I've lived in rural America in the west and the south, I've lived in urban America on both coasts, I've lived in Denmark, France, Idaho, Oregon, Utah and more. I bring this up to point out the the provincial city perspective doesn't work.

Bubba, perhaps you should post David Brooks article also, the one I was responding to. Also, here is the end of the letter as I originally sent it:

These protectionist enclaves voted for a president who sells himself as a champion against two groups least likely to be found in the exurbs;terrorists and gay people.
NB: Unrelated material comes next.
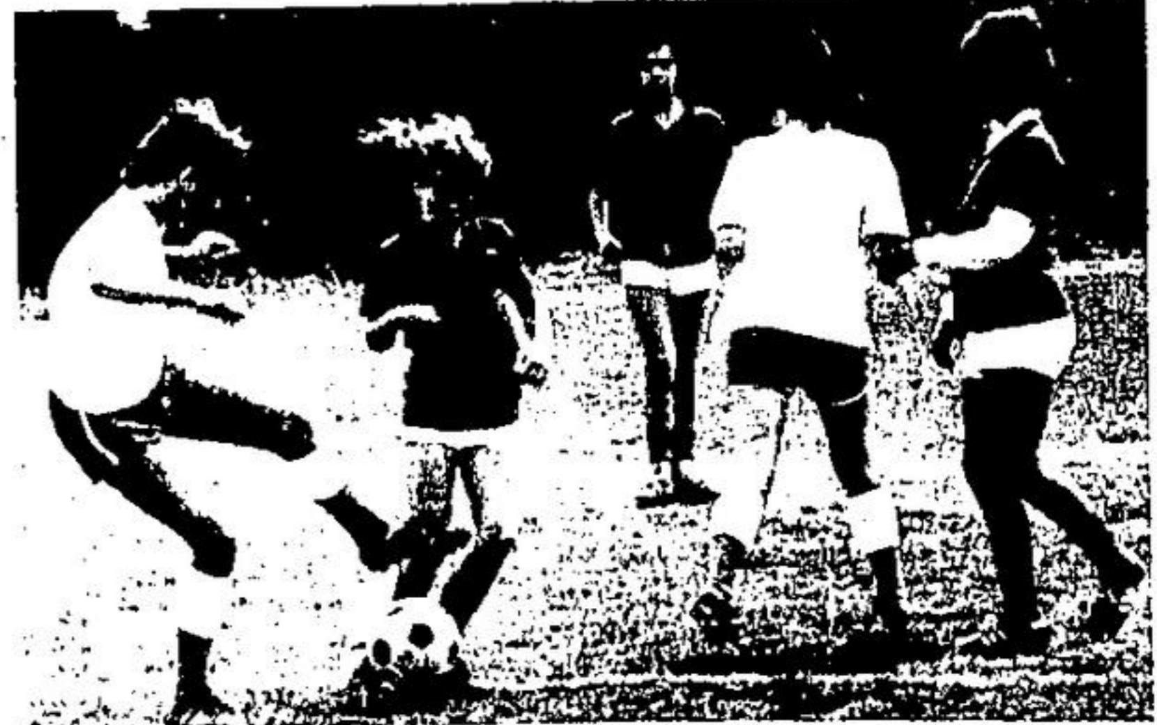
THE GEORGETOWN MINOR SOCCER Association's Final Day was held at the Cedarvale pitches last Saturday and tense

David Brooks is rightly impressed by Karl Rove's ability to manipulate the fears of the uninformed exurbanites.

Best Regards,
Michael Oman-Reagan

MOR said...

P.S. where you describe groing up, that's not an exurb, it's a suburb.

Bubba said...

bigot - One who is strongly partial to one's own group, religion, race, or POLITICS and is intolerant of those who differ.

MOR, the article is linked, so I did post it.

Second, you have not claimed to have lived in an exburb, but claim to know exactly how it is and how people that live there think. I missed on assuming you were a New Yorker, could you possibly be wrong?

Who is the bigot in this picture, the exburb residents or the liberal left who don't concede defeat in a Presidential Election because they have no respect for others views. I guess it is easy to justify your own righteousness by calling others names, whatever helps you sleep at night.

MOR said...

You seem to be having a conversation with yourself. I never called you a bigot, nor did I call exurbaintes bigots.

And what does any of this have to do with conceding an election?

Sorry, you've gone so far off topic into hardcore spin that you've lost me. Perhaps you should apply for work at Fox News.



MOR said...

P.S. take a look at Geography Of Nowhere: The Rise And Declineof America'S Man-Made Landscape by James Howard Kunstler. I think you'd find the history of the suburbs and the exurbs very interesting. There are a plethora of text in the field of environmental psychology about suburban and exurban voting behaviour also. You might find it interesting that the working class suburbs are actually starting to vote in line with the cities as they become more diverse and populated with working class people. I could go on, but I'll let your curiousity decide the limit of this investigation.

Bubba said...
This comment has been removed by a blog administrator.
Bubba said...

It is the assumption that the exburbs are full of homo-phobes and if they were only just more informed than they would see the world the way you do. They don't care about poverty or any other social issues because they are safe in their gated communitites. These are the assumptions you are coming to in your letter.

Some people come to different conclusions in life, based on different backgrounds, etc. It does not make their opinion wrong or stupid as you imply in your letter. In my opinion if you are not willing to respect a view other than your's, that is intolerance. This conversation all stems from the election results. If Kerry had won do you think you would be complaining about how exburb residents voted?

Finally, you have not answered my question, have you spent any time in an exburb? You claim to know exactly how they think.

Timmy said...

I live in Murfreesboro (which is considered to be an exurb of Nashville). What is interesting about Murfreesboro is that is growing to the point of becoming its own city. There are five Krogers (with plans of building a 6th Kroger) within Murfreesboro and two Super Wal-Marts (with plans of building a 3rd Super Wal-Mart).

Also Murfreesboro has at least public housing areas comprised of mostly low-income families and induviduals. There is even a service called Inner City Ministry.

I wonder if other exurbs have inner city areas.

Anonymous said...

Kind of strange that you immediately assume I've never been to an exurb. I grew up in Dutchess County in definite exurbs--where big homes displace farmland. That's not suburbs. It's exurbs. The Poughkeepsie area was recently named one of the typical exurban centers by the Brookings Institution, and my hometown is one of the countless exurban areas around Poughkeepsie. I'm not a big Brooks fan, but I prefer to write letters on the facts and on what's written instead of dismissing his writings as mere speculation. You should do the same.